New Delhi: The Delhi Police on Thursday arrested former Fortis Healthcare promoter Shivinder Singh and three others in an alleged fraud case, officials said.
Kavi Arora, Sunil Godhwani and Anil Saxena were also arrested by the Economic Offence Wing of Delhi Police for allegedly diverting public money and investing in other companies, they said.
A complaint was filed by Religare Finvest Limited (RFL) alleging that loans were taken by Singh while managing that firm but the money was invested in other companies.
“RFL saw a change in management. When the new management took over, they found that a loan had been taken but the money been invested in other companies linked to Singh and his brother. They filed a complaint with the EOW and subsequently, an FIR was registered,” said a senior police officer.
The EOW is now on the lookout for Malvinder Singh, who according to reports, is in Ludhiana for some medical treatment.
Both Shivinder Mohan Singh and Sunil Godhwani were arrested by the Delhi Police’s Economic Offences Wing (EOW) on Thursday, for alleged fraud to the tune of Rs740 crore.
The Enforcement Directorate (ED), in August, had also searched residences of former Ranbaxy chief executive officer (CEO) Malvinder Singh and his brother Shivinder in New Delhi in connection with a money laundering case.

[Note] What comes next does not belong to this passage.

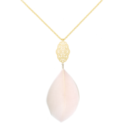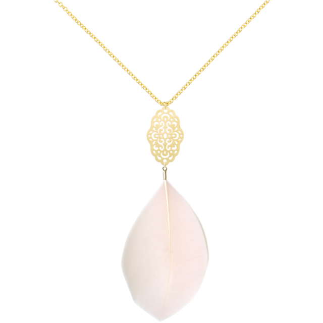「純粋な恋 5」は、ダマスクスカシプレートとガチョウのチャームが特徴的なアクセサリーです。ライトピンクの色合いが心温まる印象を与え、潤いを感じさせる存在感があります。チェーンの滑らかな流れが、デコルテを美しく演出し、特別な日や日常使いにもぴったりなアイテムとなっております。
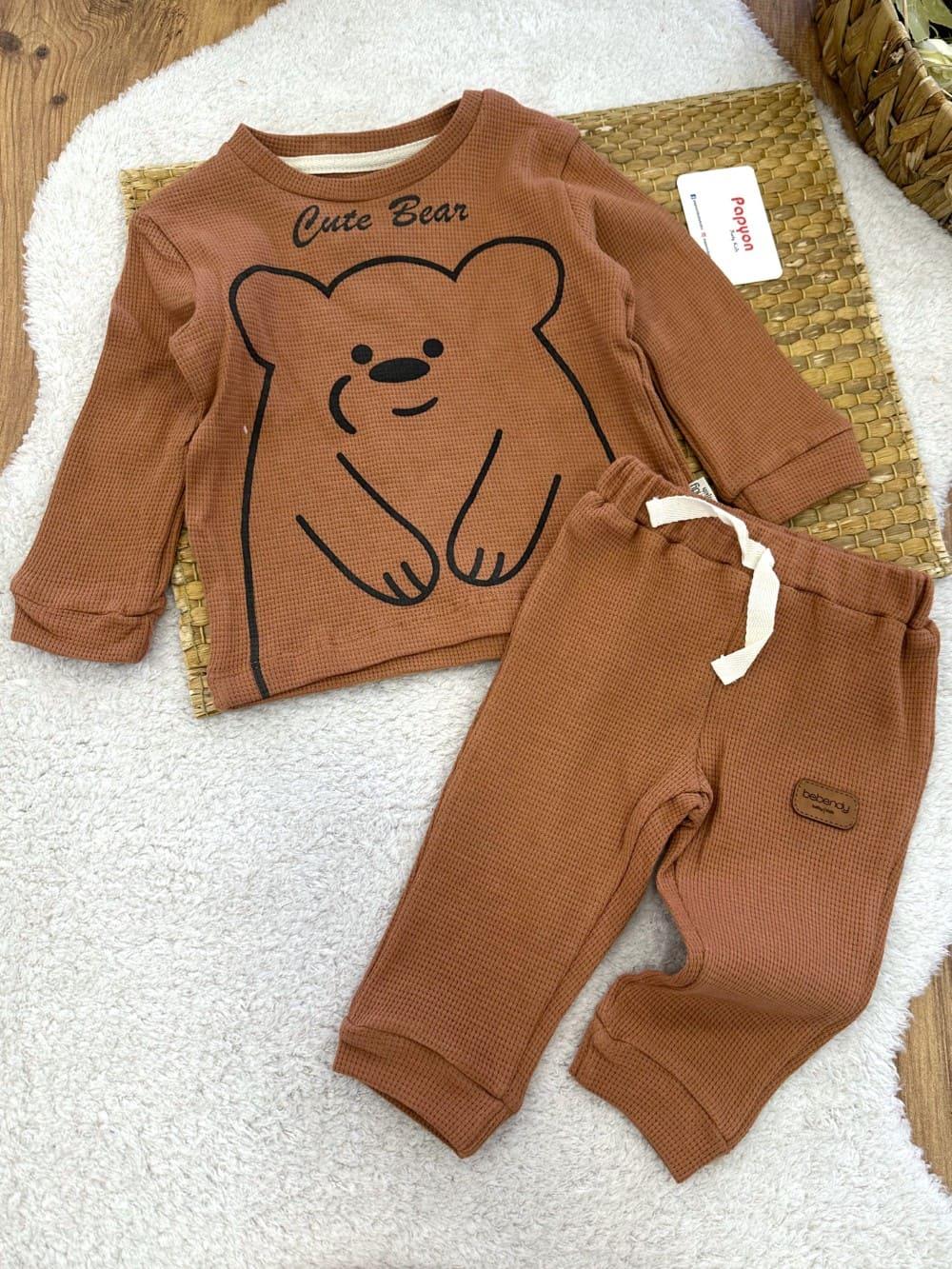 Cute Bear Baskılı Erkek Bebek 2li Takım (6-9/9-12/12-18/18-24 Ay) (BEBENDY/245020/KAHVE)

The searches followed after the agency registered a case against the duo under the Prevention of Money Laundering Act (PMLA), following allegations of financial irregularities and subsequent downfall of their businesses.
Earlier in February, Malvinder Singh had filed a criminal complaint against his brother Shivinder Singh alleging financial fraud.
An official statement from The Delhi Police is awaited.
Shivinder and Malvinder Singh is the former promoter of Religare Enterprises Ltd and Fortis Healthcare Ltd, while Sunil Godhwani is the former chairman and managing director of Religare.
The three have been at the centre of multiple controversies, including alleged financial fraud at Religare and Fortis, and were also taken to court by Japanese drugmaker Daiichi Sankyo Co for enforcement of a arbitration award of nearly 2,600 crore by a Singapore tribunal in a case involving their former company Ranbaxy Laboratories.